Естественно, далеко не все были согласны с тем, что имажинизм — революционное направление. Так, например, в книге «Красный Парнас» современник имажинистов Федор Иванов рассматривает именно вопрос об отношении имажинистов к революции. Сначала он подробно разбирает конфликт между имажинистами и футуристами. И затем, основываясь на столкновении этих группировок, Иванов делает вывод, что в русской авангардной поэзии 1910—1920-х годов существуют два начала русской революции: конструктивное, созидательное — футуризм и соответственно деконструктивное, разрушительное — имажинизм. Если футуризм, так или иначе, основывается на русской революции 1917 года и является естественным следствием текучих общественных потрясений, то имажинизм — «яркий цветок умирающего декаданса, поэзия разрушения и неверия, его языком заговорила культура, дошедшая до предела, до самоуничтожения». Декадентские обертоны имажинизма подчеркивает и В. Марков: «Имажинизм перекликается с декадансом не раз. Яснее всего это выступает в заключительный, «мариенгофовский» период, когда издавался журнал «Гостиница для путешествующих в прекрасном» (1922–1924). <.. > Слово «декаданс», разумеется, не в употреблении, но иногда поздние имажинисты проговариваются. Например, Иван Грузинов в статье „Пушкин и мы“ <…> декларируя связи имажинизма с XVIII веком, особенно с Тредиаковским, тут же называет последнего „декадентом восемнадцатого века“».

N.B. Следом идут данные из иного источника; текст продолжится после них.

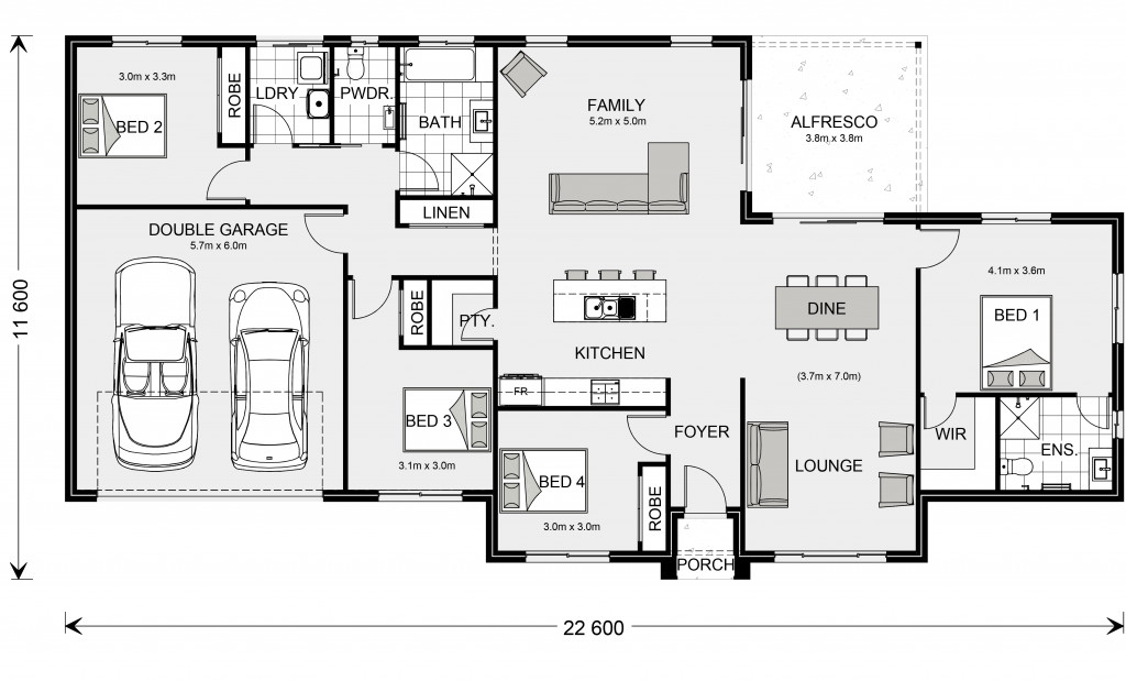 The Wishart design boasts generously sized bedrooms, each thoughtfully designed to provide comfort and privacy. The master suite is a true retreat, privately located on one side of the home features a luxurious ensuite and a walk-in robe, offering a serene escape from the hustle and bustle of daily life. On the opposite side, additional bedrooms share a central bathroom, ensuring convenience and privacy for all family members.
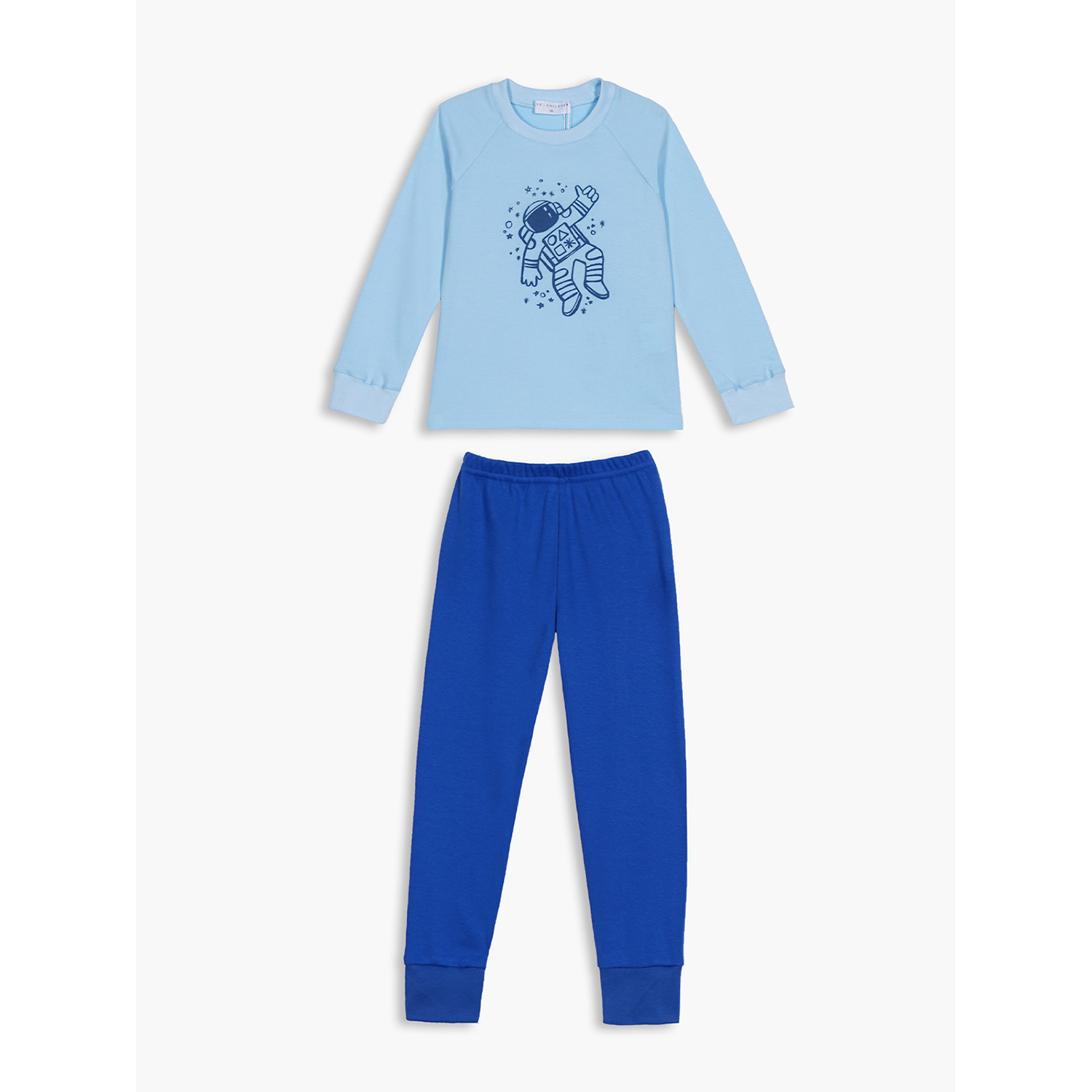 Пижама для мальчика и девочки. Ete Children с прямой цифровой печатью, с использованием экологически чистых красок, принт "космонавт". Цвет-голубой, синий. Комплектация - брюки ярко-синего цвета и лонгслив - нежно-голубого. Пояс брюк на резинке, низ брюк и рукава на манжете.

Иванов находит в поэзии имажинистов демонтаж революционных идей, характеризуя их метод как «разрушение ради разрушения». В первую очередь это относится к Мариенгофу, так как он единственный «настоящий» имажинист из всей группы. Такую точку зрения разделяет и Шершеневич, называя Мариенгофа «рожденным с имажинизмом»: «Ивнев и я были очень близко знакомы с футуризмом; Есенин и Кусиков начали свою поэтическую деятельность безымянно. Только ты один родился вместе с имажинизмом». Имажинизм оказывается для Иванова антитезой пролетарской литературе, которая является синонимом творческого созидания: «Разрушение — вот основное содержание всей этой поэзии имажинистов от <… > Вадима Шершеневича до <…> Анатолия Мариенгофа <…> рушительство — их стихия, ибо они настоящие дети выкормившего их века, неверующие, яркие, но ядовитые цветы <…> революции…» Любопытно, что, отрицая имажинистский аморализм, критик перекликается в своей работе с Бодлером.

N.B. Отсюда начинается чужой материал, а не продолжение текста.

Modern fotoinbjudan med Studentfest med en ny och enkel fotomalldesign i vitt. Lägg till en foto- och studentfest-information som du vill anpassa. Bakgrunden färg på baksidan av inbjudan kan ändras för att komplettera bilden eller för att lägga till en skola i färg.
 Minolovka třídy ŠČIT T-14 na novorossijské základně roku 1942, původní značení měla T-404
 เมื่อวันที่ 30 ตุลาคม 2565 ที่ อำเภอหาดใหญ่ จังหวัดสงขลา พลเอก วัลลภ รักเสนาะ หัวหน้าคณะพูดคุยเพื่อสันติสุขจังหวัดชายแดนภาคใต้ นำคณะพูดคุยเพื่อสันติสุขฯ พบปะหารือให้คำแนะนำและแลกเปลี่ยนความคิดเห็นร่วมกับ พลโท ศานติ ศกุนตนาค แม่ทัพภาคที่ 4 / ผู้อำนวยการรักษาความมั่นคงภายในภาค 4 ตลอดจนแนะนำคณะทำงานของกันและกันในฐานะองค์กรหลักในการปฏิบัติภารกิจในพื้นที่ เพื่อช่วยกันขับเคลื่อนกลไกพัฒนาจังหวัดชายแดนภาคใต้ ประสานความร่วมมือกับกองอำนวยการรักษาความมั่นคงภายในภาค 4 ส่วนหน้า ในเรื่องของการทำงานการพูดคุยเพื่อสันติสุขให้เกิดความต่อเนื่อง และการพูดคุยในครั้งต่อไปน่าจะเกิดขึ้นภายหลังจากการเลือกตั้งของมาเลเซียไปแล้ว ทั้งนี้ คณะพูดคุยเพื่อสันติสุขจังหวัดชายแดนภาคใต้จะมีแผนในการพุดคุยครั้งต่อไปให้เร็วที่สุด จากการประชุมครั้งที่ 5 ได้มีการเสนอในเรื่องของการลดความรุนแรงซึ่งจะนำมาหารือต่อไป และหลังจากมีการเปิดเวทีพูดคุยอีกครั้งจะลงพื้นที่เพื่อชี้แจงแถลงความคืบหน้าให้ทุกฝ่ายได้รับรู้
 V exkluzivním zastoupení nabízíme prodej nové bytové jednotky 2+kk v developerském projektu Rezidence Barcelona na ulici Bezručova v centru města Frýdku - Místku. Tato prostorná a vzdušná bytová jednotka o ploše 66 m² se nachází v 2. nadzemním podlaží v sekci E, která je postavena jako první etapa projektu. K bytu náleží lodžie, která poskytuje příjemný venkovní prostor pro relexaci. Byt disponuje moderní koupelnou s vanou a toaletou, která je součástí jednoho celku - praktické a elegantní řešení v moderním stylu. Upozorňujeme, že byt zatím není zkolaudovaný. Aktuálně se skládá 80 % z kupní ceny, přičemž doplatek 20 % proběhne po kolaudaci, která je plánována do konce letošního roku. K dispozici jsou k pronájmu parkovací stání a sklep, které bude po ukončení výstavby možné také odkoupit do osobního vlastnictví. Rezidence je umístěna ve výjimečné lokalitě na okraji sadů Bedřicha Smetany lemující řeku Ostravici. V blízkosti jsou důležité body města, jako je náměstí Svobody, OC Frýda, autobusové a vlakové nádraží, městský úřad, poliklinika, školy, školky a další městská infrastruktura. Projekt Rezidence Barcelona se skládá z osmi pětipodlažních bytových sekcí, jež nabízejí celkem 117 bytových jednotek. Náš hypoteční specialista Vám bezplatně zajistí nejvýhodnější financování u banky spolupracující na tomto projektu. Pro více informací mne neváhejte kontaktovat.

Разрушение, демонтаж являются важными мотивами мариенгофских стихов, опубликованных в одном из первых издательских начинаний имажинистов — в нашумевшем «революционном альманахе» «Явь». В поэзии Мариенгофа, которого не коснулся «большой террор» периода Гражданской войны, доминирует идея кровавой исторической катастрофы и дается ее скрупулезное описание. Центр этого поэтического мира — поэт-наблюдатель, следующий в фарватере атеистической пропаганды эпохи, богоборческого авангарда. В своих воспоминаниях Мариенгоф рассказывает, как оказался на работе во ВЦИКе, где его стол специально поставили у окна, чтобы оттуда он мог следить за революционными событиями. Так возникли кровавые стихи сборника «Явь». В этих «заказных» и к тому же написанных «глядя из окна» восторженных стихах молодой поэт стремился во всех деталях и мельчайших подробностях изобразить революционные потрясения и их последствия. Важно подчеркнуть, что он воспевал именно жестокость, интенсивность и кровавость эпохи. Это было сразу же замечено cовременником, написавшим о Мариенгофе: «…родилась революция, поэт принял ее с каким-то кровавым восторгом злобы, с какой-то истерической кровожадностью, которыми он разрядил мрачный сгусток ненависти, свернувшийся в его душе от векового уклада городских мещанских будней, полетевших в провалы революции». Впрочем, еще в 1920 году он сам, правда в более отвлеченных терминах, указывал на то же в статье «Буян-остров»: «Телесность, ощутимость, бытологическая близость наших образов говорит о реалистическом фундаменте имажинистской поэзии». Приведем наиболее характерные и наиболее эпатажные стихи Мариенгофа времен революции:

Кровью плюем зазорно Богу в юродивый взор. Вот на красном черным: — Массовый террор. [161] <…> По тысяче голов сразу С плахи к пречистой тайне. Боженька, сам Ты за пазухой Выносил Каина, Сам попригрел периной Мужицкий топор, — Молимся Тебе матерщиной За рабьих годов позор. [162]

Похожее отношение к революции есть и в стихах Есенина, который, по словам Львова-Рогачевского, «хотел повенчать религиозное с революционным». В этой связи весьма показательна его «Инония»:

Не устрашуся гибели, Ни копий, ни стрел дождей. Так говорит по Библии Пророк Есенин Сергей. Время мое приспело, Не страшен мне лязг кнута. Тело, Христово тело, Выплевываю изо рта. [164]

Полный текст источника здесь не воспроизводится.